#### Task material
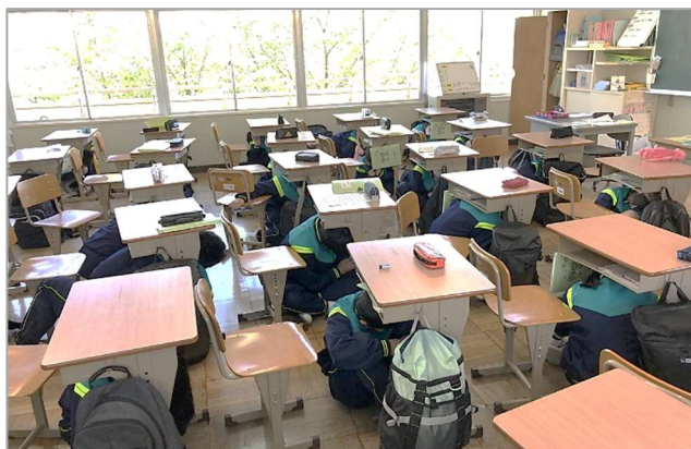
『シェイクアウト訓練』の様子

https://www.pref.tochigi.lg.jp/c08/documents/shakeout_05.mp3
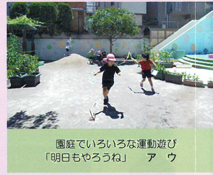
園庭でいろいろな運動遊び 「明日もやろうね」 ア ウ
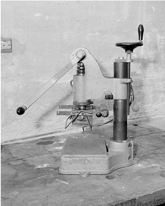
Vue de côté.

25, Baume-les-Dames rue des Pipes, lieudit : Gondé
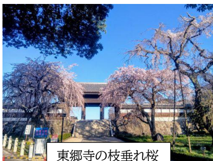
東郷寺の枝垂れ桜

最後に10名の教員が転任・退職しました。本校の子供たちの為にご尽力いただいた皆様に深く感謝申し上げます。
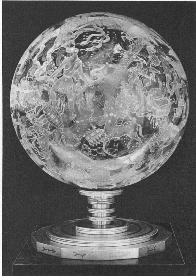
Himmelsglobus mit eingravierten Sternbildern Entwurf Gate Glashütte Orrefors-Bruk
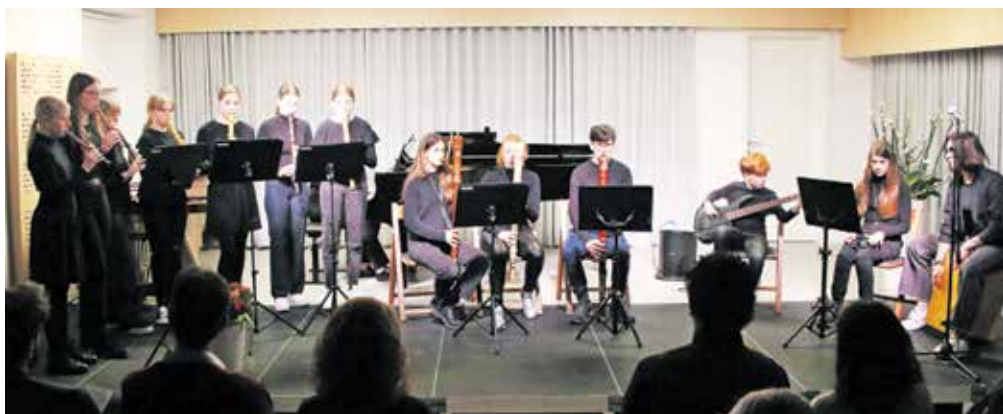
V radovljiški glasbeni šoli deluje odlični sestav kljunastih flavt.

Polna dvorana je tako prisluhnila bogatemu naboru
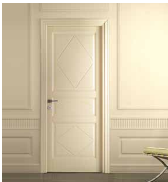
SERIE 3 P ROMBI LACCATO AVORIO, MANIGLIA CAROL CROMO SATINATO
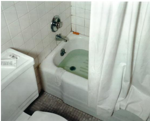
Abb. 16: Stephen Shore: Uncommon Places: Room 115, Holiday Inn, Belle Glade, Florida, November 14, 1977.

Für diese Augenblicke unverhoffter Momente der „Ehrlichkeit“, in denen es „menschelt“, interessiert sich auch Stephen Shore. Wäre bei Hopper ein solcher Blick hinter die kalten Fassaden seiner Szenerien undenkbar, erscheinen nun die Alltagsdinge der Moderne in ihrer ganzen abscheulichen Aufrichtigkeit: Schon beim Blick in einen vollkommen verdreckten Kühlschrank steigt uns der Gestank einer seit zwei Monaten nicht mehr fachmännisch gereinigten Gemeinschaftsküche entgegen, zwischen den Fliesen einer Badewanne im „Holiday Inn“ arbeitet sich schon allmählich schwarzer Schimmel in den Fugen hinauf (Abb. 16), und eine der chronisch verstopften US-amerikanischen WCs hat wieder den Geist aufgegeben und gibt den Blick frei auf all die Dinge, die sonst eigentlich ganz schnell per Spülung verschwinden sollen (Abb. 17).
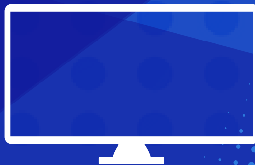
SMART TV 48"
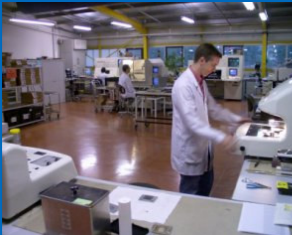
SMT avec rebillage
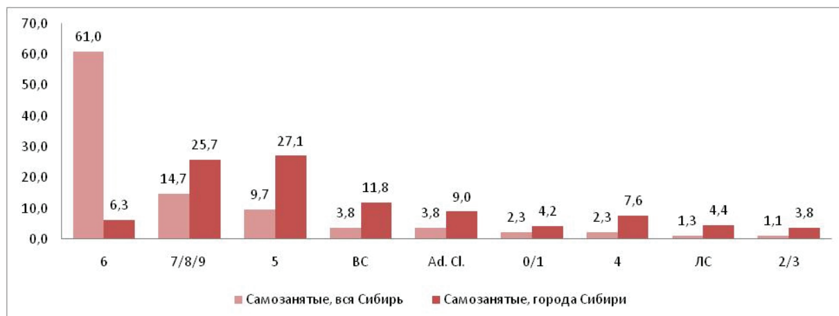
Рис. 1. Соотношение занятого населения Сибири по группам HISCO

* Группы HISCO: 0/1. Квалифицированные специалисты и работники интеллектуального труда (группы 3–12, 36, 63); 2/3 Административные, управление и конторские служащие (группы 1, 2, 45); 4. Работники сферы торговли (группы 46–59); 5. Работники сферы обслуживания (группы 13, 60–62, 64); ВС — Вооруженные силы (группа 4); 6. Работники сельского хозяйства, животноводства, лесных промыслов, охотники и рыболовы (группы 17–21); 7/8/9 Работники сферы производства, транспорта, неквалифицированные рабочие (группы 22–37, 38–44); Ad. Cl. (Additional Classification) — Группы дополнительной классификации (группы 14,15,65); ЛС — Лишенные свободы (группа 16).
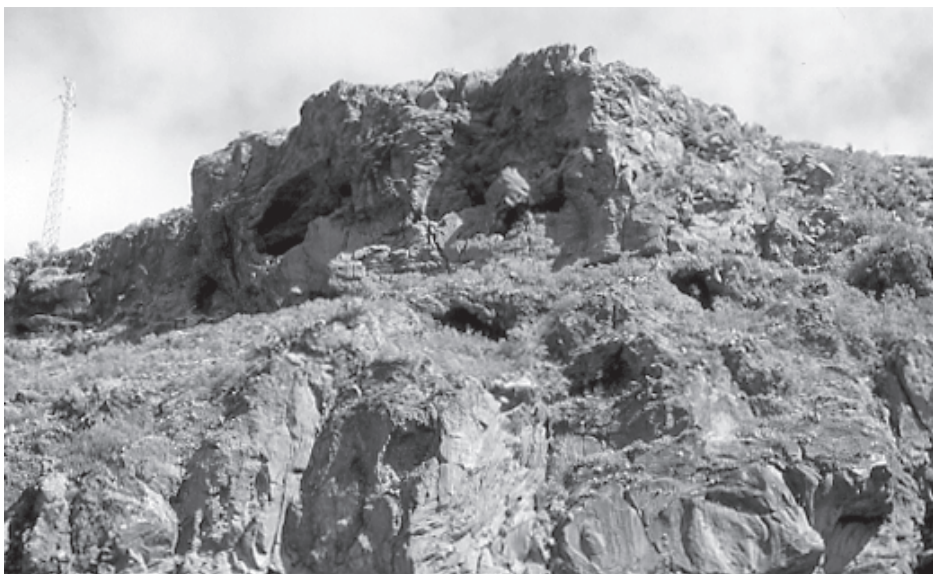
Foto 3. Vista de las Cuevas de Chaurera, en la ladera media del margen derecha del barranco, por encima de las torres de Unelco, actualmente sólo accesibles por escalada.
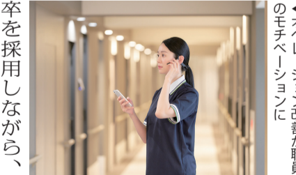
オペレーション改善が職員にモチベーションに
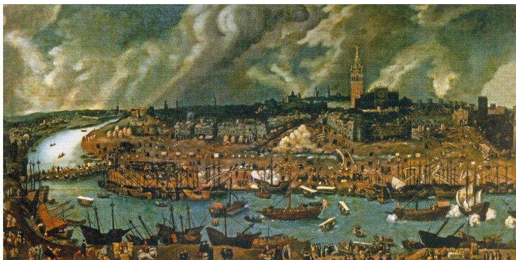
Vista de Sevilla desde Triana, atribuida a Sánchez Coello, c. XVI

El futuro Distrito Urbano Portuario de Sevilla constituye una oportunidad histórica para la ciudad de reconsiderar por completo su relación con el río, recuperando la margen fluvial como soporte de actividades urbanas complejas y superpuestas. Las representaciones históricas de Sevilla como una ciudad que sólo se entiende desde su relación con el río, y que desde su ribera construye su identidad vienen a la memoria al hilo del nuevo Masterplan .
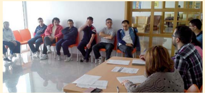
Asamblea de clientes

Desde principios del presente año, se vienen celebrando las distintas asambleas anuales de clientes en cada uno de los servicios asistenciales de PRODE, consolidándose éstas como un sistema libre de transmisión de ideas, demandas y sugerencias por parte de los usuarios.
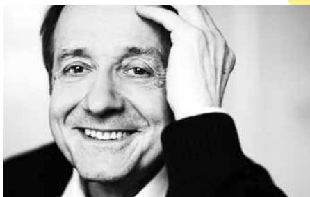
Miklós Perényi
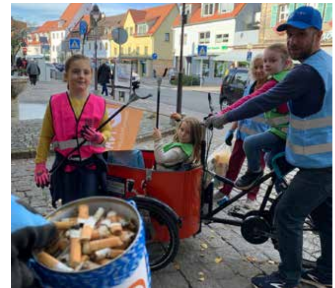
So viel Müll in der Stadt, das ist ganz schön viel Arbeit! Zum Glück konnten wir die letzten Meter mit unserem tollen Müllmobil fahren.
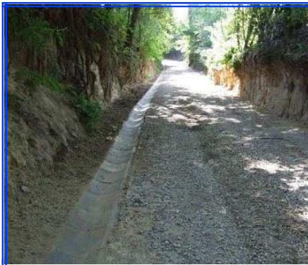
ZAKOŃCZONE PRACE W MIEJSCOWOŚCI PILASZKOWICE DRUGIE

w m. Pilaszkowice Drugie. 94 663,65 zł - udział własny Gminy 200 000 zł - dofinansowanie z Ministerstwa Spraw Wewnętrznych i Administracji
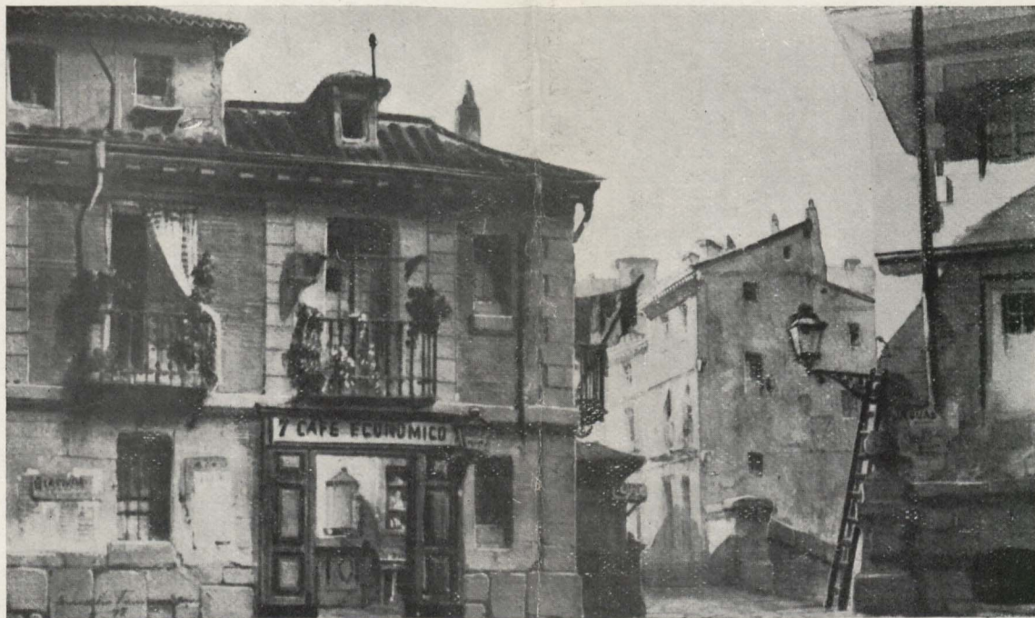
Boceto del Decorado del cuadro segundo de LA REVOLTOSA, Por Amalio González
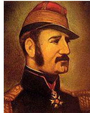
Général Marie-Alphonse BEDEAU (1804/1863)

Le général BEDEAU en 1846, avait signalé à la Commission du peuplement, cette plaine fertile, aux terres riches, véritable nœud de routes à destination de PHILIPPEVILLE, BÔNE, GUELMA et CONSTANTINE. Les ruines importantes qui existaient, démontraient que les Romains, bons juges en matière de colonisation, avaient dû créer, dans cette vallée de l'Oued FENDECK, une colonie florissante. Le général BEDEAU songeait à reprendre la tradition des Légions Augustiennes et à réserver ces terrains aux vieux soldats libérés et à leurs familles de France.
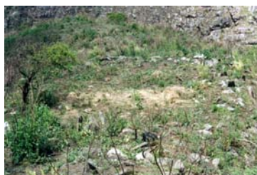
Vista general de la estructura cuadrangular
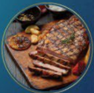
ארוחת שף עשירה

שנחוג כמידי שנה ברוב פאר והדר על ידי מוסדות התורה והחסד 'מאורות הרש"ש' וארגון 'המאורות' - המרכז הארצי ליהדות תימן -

#### What the task asks
Now copy each line of the entries that mentions "clientes".

#### Response to this exercise
Asamblea de clientes
Desde principios del presente año, se vienen celebrando las distintas asambleas anuales de clientes en cada uno de los servicios asistenciales de PRODE, consolidándose éstas como un sistema libre de transmisión de ideas, demandas y sugerencias por parte de los usuarios.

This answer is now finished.